BACKGROUND: Early death after a treatment can be seen as a therapeutic failure. Accurate prediction of patients at risk for early mortality is crucial to avoid unnecessary harm and reducing costs. The goal of our work is two-fold: first, to evaluate the performance of a previously published model for early death in our cohorts. Second, to develop a prognostic model for early death prediction following radiotherapy.
MATERIAL AND METHODS: Patients with NSCLC treated with chemoradiotherapy or radiotherapy alone were included in this study.

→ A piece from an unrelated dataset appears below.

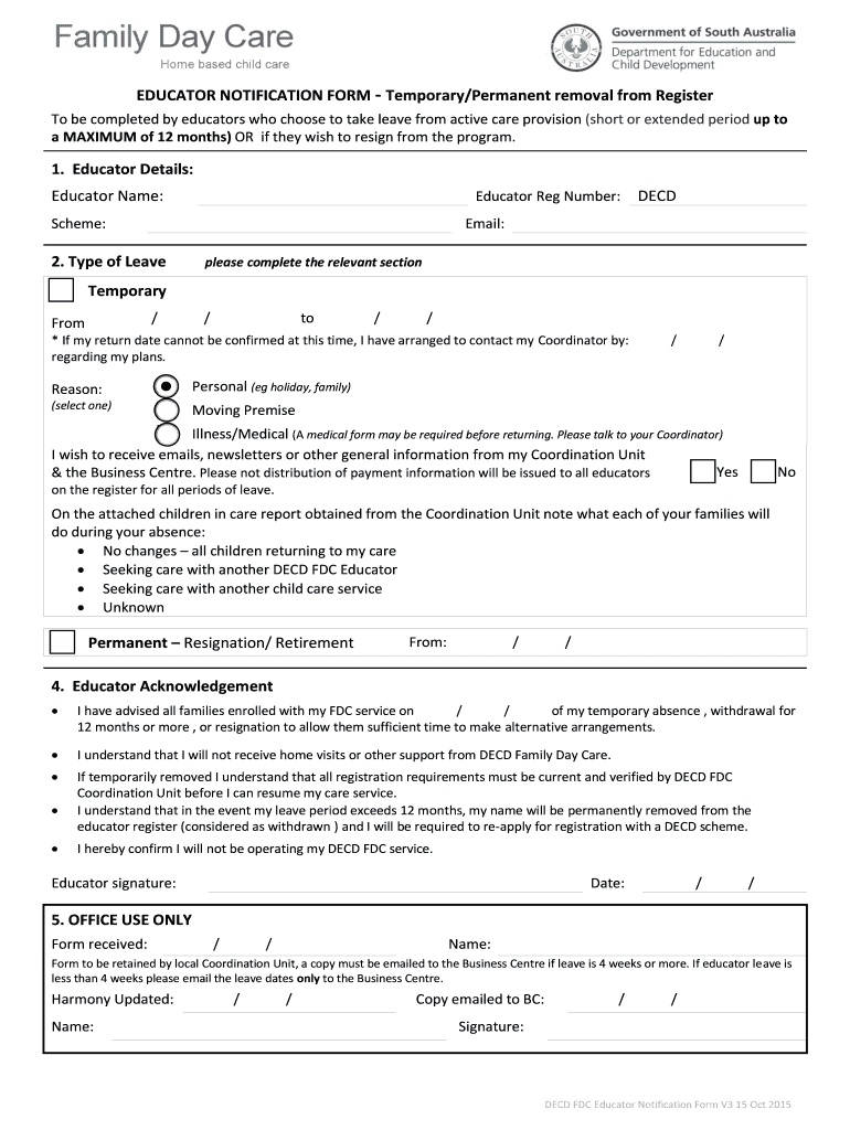 EDUCATOR NOTIFICATION FORM Temporary/Permanent removal from Register To be completed by educators who choose to take leave from active care provision (short or extended period up to a MAXIMUM of 12

Four different cohorts from different countries were available for this work (N = 1540). The previous model used age, gender, performance status, tumor stage, income deprivation, no previous treatment given (yes/no) and body mass index to make predictions. A random forest model was developed by learning on the Maastro cohort (N = 698). The new model used performance status, age, gender, T and N stage, total tumor volume (cc), total tumor dose (Gy) and chemotherapy timing (none, sequential, concurrent) to make predictions. Death within 4 months of receiving the first radiotherapy fraction was used as the outcome.
RESULTS: Early death rates ranged from 6 to 11% within the four cohorts. The previous model performed with AUC values ranging from 0.54 to 0.64 on the validation cohorts. Our newly developed model had improved AUC values ranging from 0.62 to 0.71 on the validation cohorts.
CONCLUSIONS: Using advanced machine learning methods and informative variables, prognostic models for early mortality can be developed. Development of accurate prognostic tools for early mortality is important to inform patients about treatment options and optimize care.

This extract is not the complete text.